● YOUR TASK: Repeat exactly the stretch of lines that starts with the one containing "- Backlit keyboard" and ends with the last line of the material. Leave out pictures.

Start of PROVIDED MATERIAL

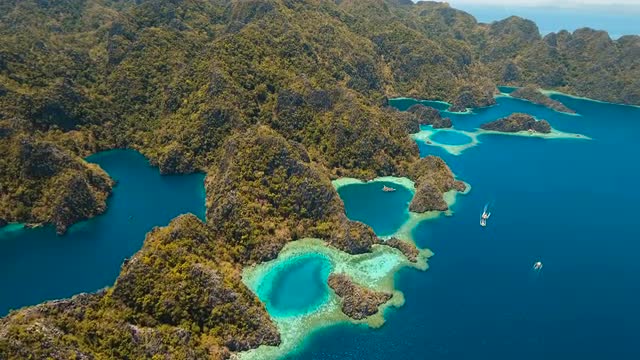 Aerial view: Mountain Barracuda lake, on tropical island, Lagoon with blue, azure water. Lake in the mountains covered with tropical forest on the island Coron, Palawan, Philippines. 4K video, Travel concept, Aerial footage.
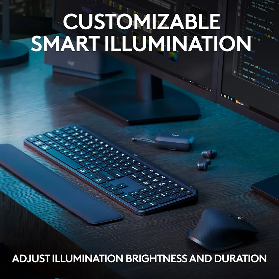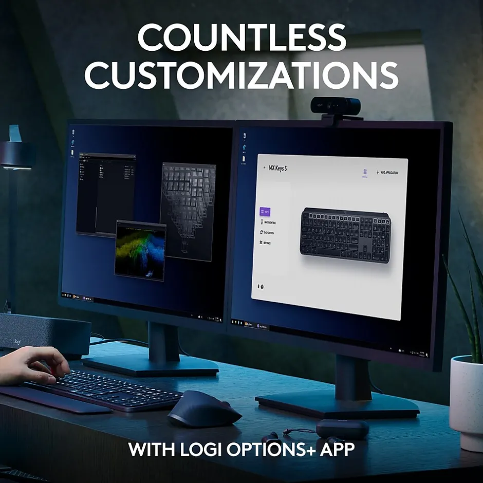 - Backlit keyboard keys light up and adapt to the environment as your hands approach it; now with more lighting customizations available via Logi Options+ app
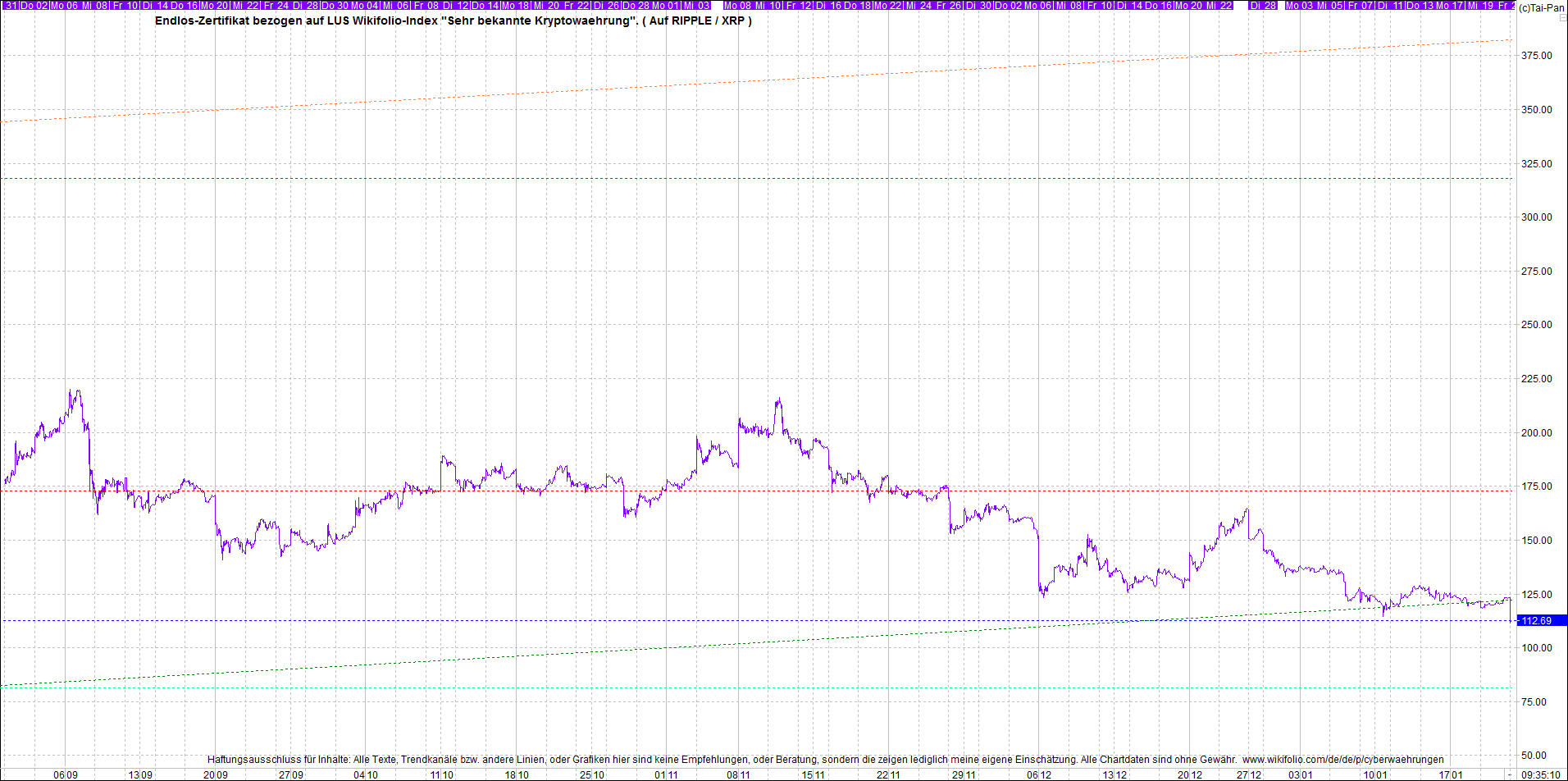 Das dazu passende Ripplezertifikat, ist bekannt als: Endlos-Zertifikat bezogen auf LUS Wikifolio-Index "Sehr bekannte Kryptowaehrung".

End of PROVIDED MATERIAL

● OUTPUT FOR THIS TASK:
 - Backlit keyboard keys light up and adapt to the environment as your hands approach it; now with more lighting customizations available via Logi Options+ app
 Das dazu passende Ripplezertifikat, ist bekannt als: Endlos-Zertifikat bezogen auf LUS Wikifolio-Index "Sehr bekannte Kryptowaehrung".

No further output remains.